Seit November 2023 ist Andreas Knappstein der neue Präsident der Industrie- und Handelskammer Arnsberg, Hellweg-Sauerland. Er ist der erste IHK-Präsident aus Schmallenberg. Knappstein führt mit weiteren Familienmitgliedern in dritter Generation das Unternehmen Möbel Knappstein in Schmallenberg, Meschede und an drei weiteren Standorten.

WOLL: Die IHK Arnsberg, Hellweg-Sauerland ist für den Hochsauerlandkreis sowie den Kreis Soest mit insgesamt 26 Städten und Gemeinden und einer Fläche von 3.289 Quadratmetern aktiv. Wie ist die IHK entstanden und was ist ihre Aufgabe?
Andreas Knappstein:
Die IHK Arnsberg wurde 1851 gegründet.

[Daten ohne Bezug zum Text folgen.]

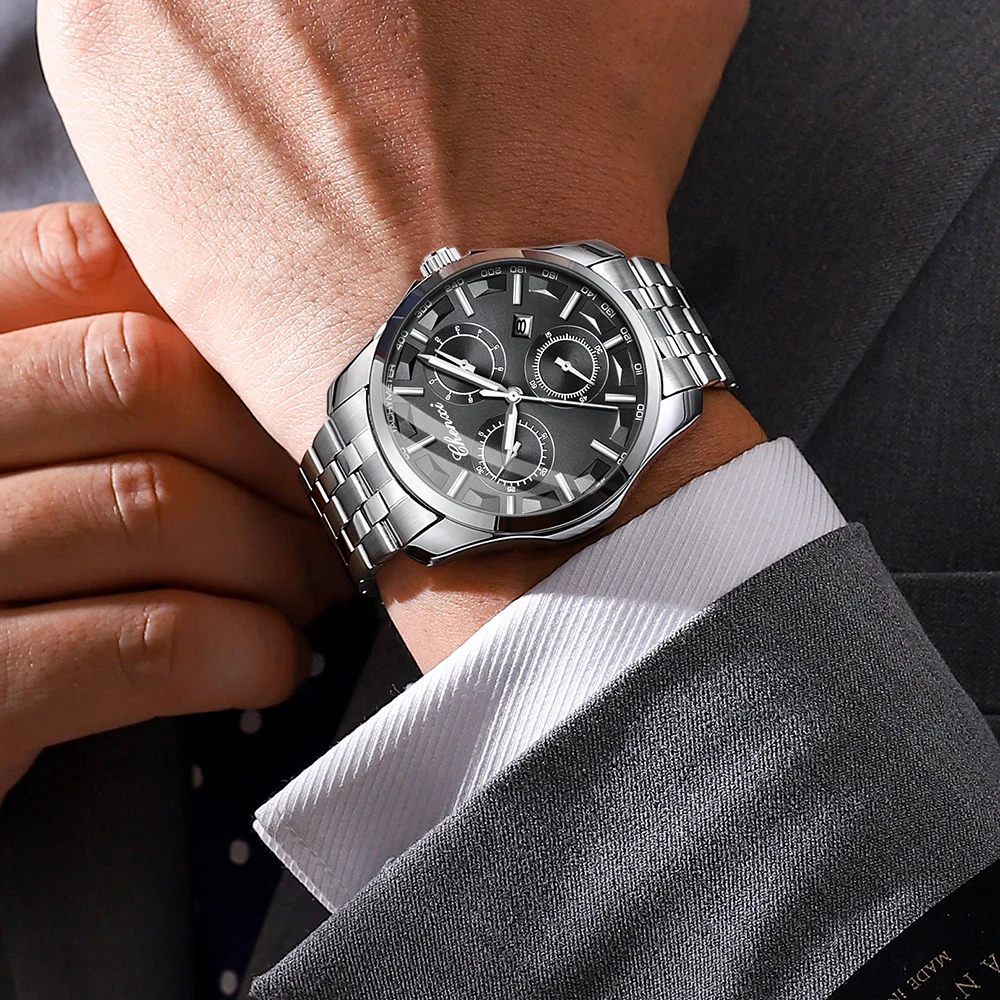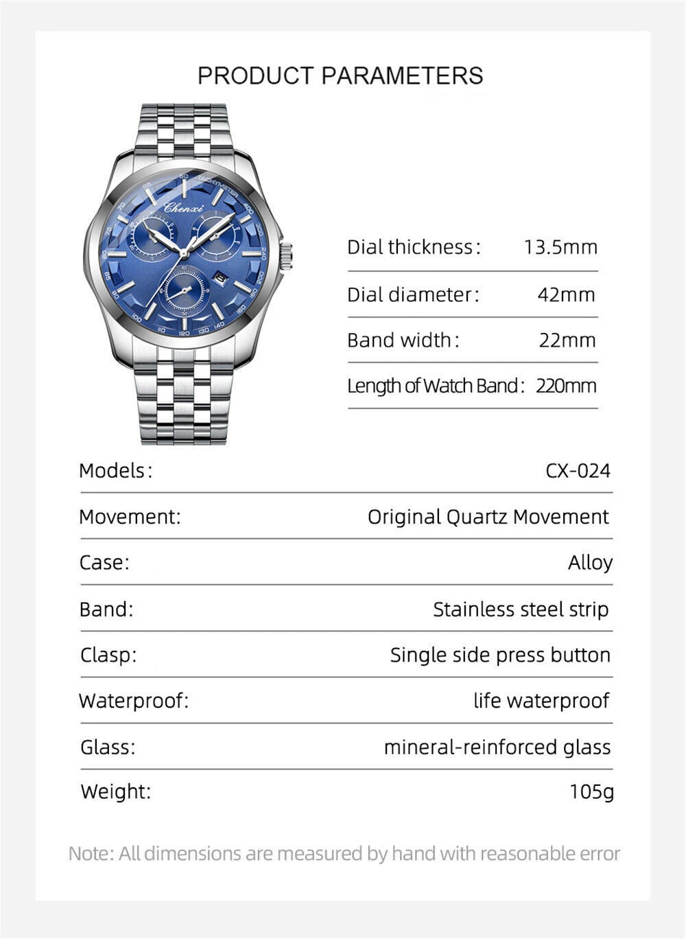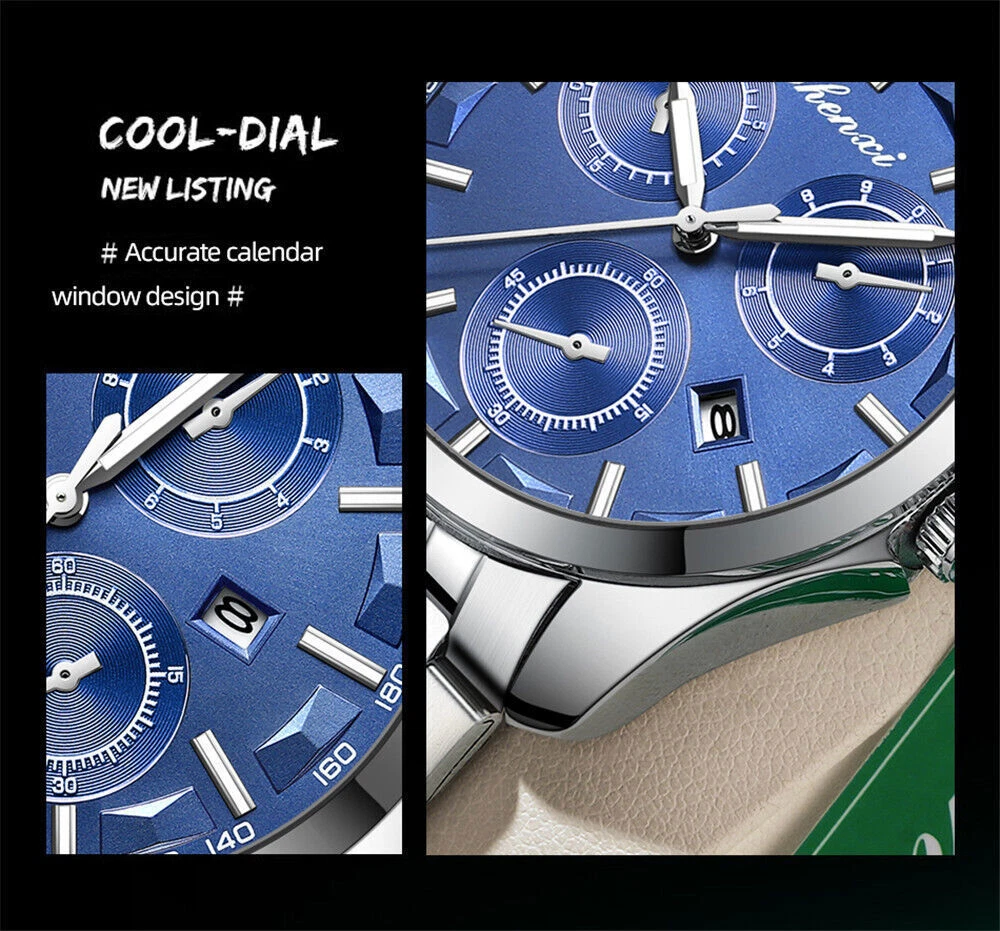 CHENXI Men Quartz Watches Silver Steel Wristwach Luminous Poninter Male Watches

Die heutige Konstellation ist nach dem Zweiten Weltkrieg entstanden. In der Region Hellweg-Sauerland ergänzen sich die beiden Kreise sehr gut: Was der eine Kreis mehr an Bergen und Tourismus bietet, hat der andere mehr an fruchtbarem Boden. Beide verfügen über eine gute und ausgeglichene Wirtschaftsstruktur, in der die Industrie einen hohen Stellenwert einnimmt. Sie stellt die meisten Arbeitsplätze und ist damit eine wichtige Säule für Wirtschaftskraft und Wohlstand. Und das Schöne ist: Am Hellweg und im Sauerland wird gearbeitet, wo andere Urlaub machen. Das heißt: Kommt ins Grüne, in eine relativ ländliche Struktur, um gemeinsam eine prosperierende Wirtschaft zu gestalten! Mit Blick auf Südwestfalen darf nicht vergessen werden, dass die IHK Arnsberg gemeinsam mit den IHKs in Hagen und Siegen an einem Strang zieht: Für ein Südwestfalen mit attraktiven und starken Unternehmen.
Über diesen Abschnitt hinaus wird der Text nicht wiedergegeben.